Using the records below, copy exactly the part that opens with the line holding "The report can" and closes with the line holding "125 Ben Simmons", minus the pictures.

(Dataset records)

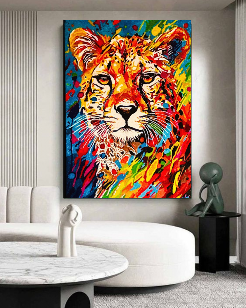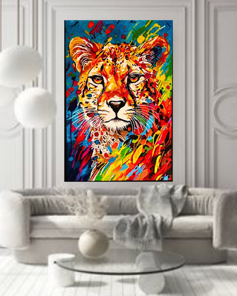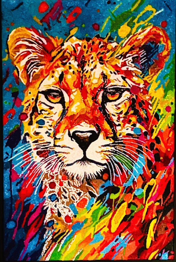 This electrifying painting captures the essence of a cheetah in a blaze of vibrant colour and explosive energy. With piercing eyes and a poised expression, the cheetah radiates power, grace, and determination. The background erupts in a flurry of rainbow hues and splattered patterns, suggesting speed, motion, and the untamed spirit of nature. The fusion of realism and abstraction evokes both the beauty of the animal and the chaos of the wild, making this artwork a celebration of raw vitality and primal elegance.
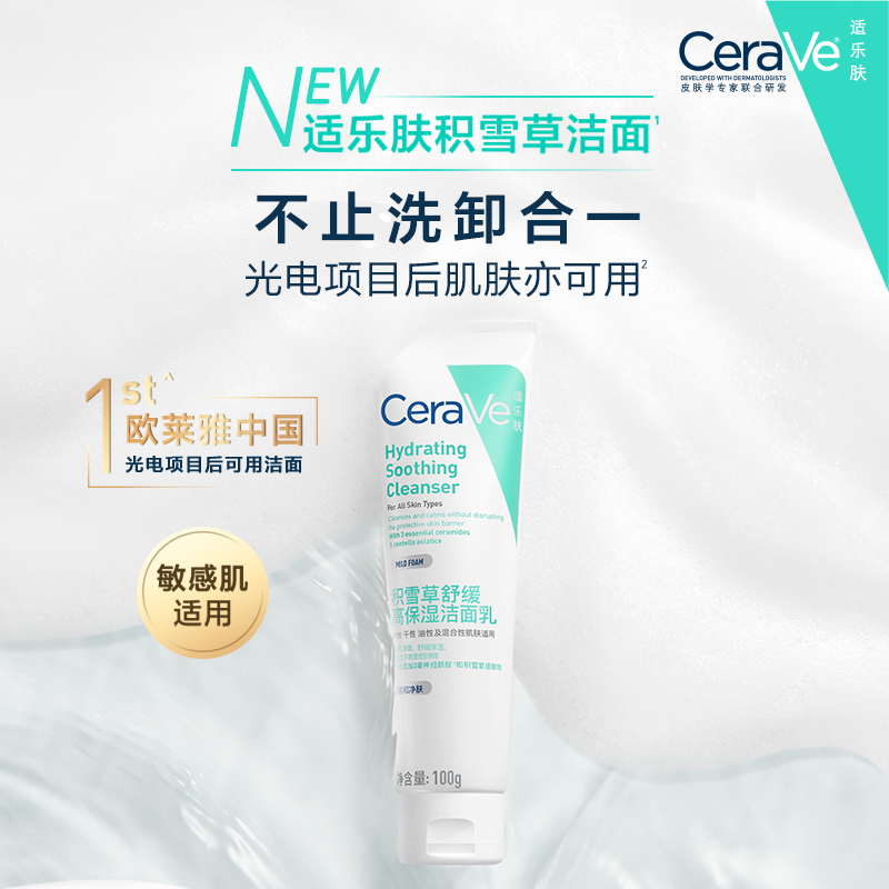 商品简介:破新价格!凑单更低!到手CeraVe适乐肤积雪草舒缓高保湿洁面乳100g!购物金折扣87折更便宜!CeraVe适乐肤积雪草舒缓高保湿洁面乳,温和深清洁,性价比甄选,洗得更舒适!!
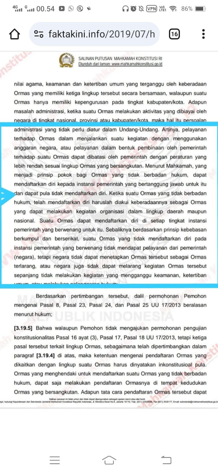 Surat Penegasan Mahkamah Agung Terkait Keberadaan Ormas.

(End Dataset records)
(Dataset records)

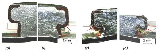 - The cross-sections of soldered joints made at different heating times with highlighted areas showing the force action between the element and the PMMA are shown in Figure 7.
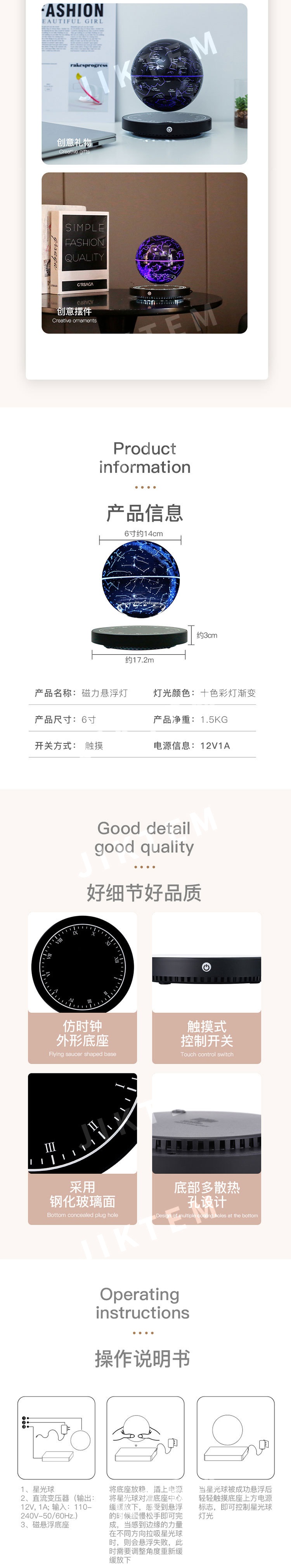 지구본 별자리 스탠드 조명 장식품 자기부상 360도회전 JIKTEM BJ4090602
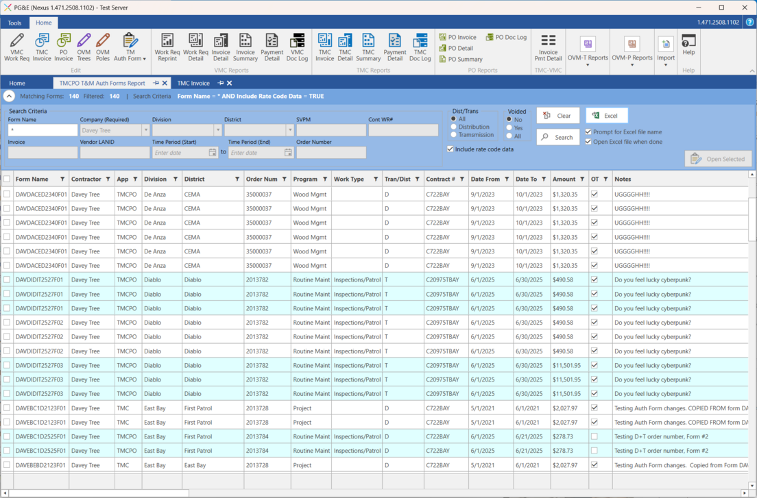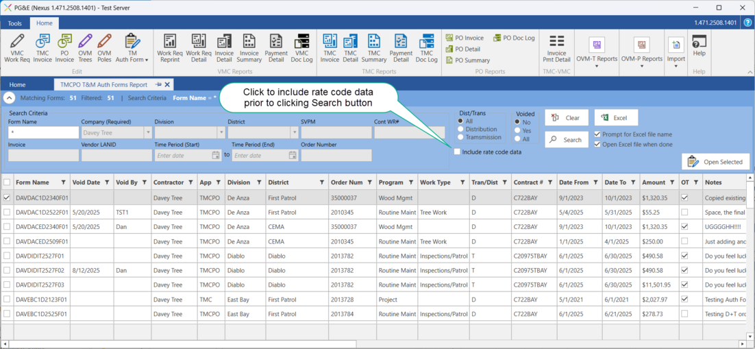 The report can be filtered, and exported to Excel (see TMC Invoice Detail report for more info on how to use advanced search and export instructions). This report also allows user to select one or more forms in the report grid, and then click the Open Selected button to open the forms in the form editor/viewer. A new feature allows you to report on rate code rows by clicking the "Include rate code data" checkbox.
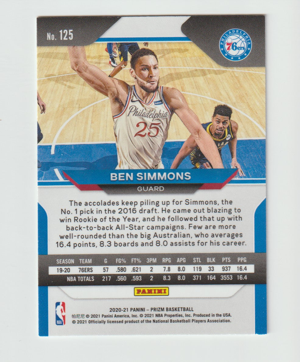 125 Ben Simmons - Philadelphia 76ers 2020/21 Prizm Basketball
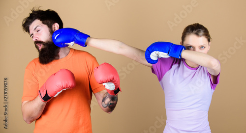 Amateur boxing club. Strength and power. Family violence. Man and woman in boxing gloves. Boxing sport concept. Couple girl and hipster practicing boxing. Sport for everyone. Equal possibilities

(End Dataset records)

Written response —
 The report can be filtered, and exported to Excel (see TMC Invoice Detail report for more info on how to use advanced search and export instructions). This report also allows user to select one or more forms in the report grid, and then click the Open Selected button to open the forms in the form editor/viewer. A new feature allows you to report on rate code rows by clicking the "Include rate code data" checkbox.
 125 Ben Simmons - Philadelphia 76ers 2020/21 Prizm Basketball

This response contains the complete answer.